Un gobierno que no dialoga, no construye democracia, no contribuye a crear confianza entre los ciudadanos y las instituciones; puede llevar al país a situaciones lamentables para el desarrollo de una sociedad madura fundada en el respeto por los derechos.

Esta maniobra le ha estallado en las manos en cada una de las movilizaciones. Ha pasado en el tratamiento a la huelga de hambre, los arrestos domiciliarios de dirigentes sin razón convincente, y ahora acusaciones y relatos sin fundamento y/o contradictorios en el lamentable y repudiable asesinato del Carabinero Albornoz, lo demuestran. Todo crimen hay que investigarlo y castigarlo con toda la fuerza de la ley como lo expresó el General Director de Carabineros. Pero la misma fuerza y actitud se habría esperado de la Dirección de Carabineros cuando Mendoza Collío murió baleado -por la espalda- por Carabineros.

De otra parte, la actuación del Ministerio Público y los Fiscales en La Araucanía, merecen una revisión desde el punto de su actuación histórica en esta materia. Ellos no cuentan con la confianza de los ciudadanos y menos del pueblo mapuche.

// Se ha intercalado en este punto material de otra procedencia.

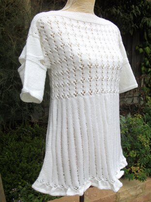 This design is very flattering, nothing clingy in the lower section and contrasting with the deep yoke. The lower edge has a ruffle effect finished off with a mass decrease row before working the tiny eyelet border. The ladder stitch section is in stocking stitch with ladders being formed by “yarn forwards” at the start, and ending with those same made stitches being dropped off the needle and run down to the “yarn forwards”. Easy! The yoke has an eyelet grid pattern and is simple to work. The upper edge is finished off with garter stitch, including the shoulder shaping. The sleeves are mainly in stocking stitch with two equal slits on each side which are edged in garter stitch.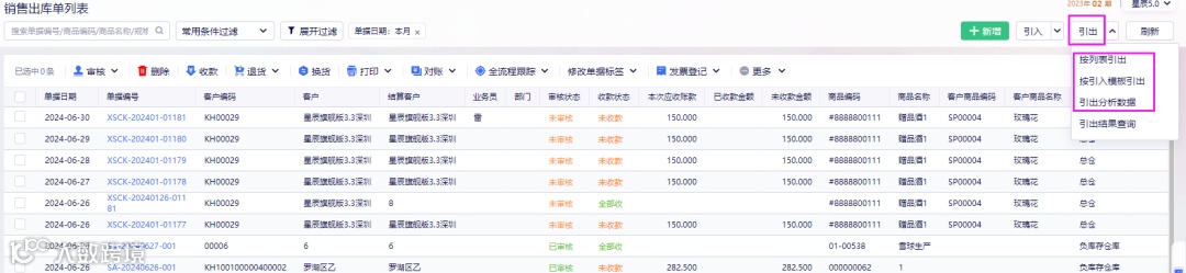 点击右上角<引出>,可选择[按列表引出]、[按引入模板引出]、[引出分析数据]。

Un Gobierno que no dialoga, no construye democracia, no contribuye a crear confianza entre los ciudadanos y las instituciones; puede llevar al país a situaciones lamentables para el desarrollo de una sociedad madura fundada en el respeto por los derechos.

La reivindicación mapuche es legítima. No piden nada más que el respeto por los tratados internacionales suscritos por el Estado de Chile. Ésta, por lo demás, cuenta con apoyo de la mayoría ciudadana, como lo demuestra la encuesta publicada por la UDP, cuyos resultados indican que la sociedad reconoce la discriminación hacia el pueblo mapuche y aprueban el reconocimiento constitucional de sus derechos (90,6%), y aceptan (77%) la ley de cuotas para su representación en el Congreso.

Chile requiere una conducción política que responda a lo que la ciudadanía demanda respecto del tratamiento a nuestros pueblos originarios.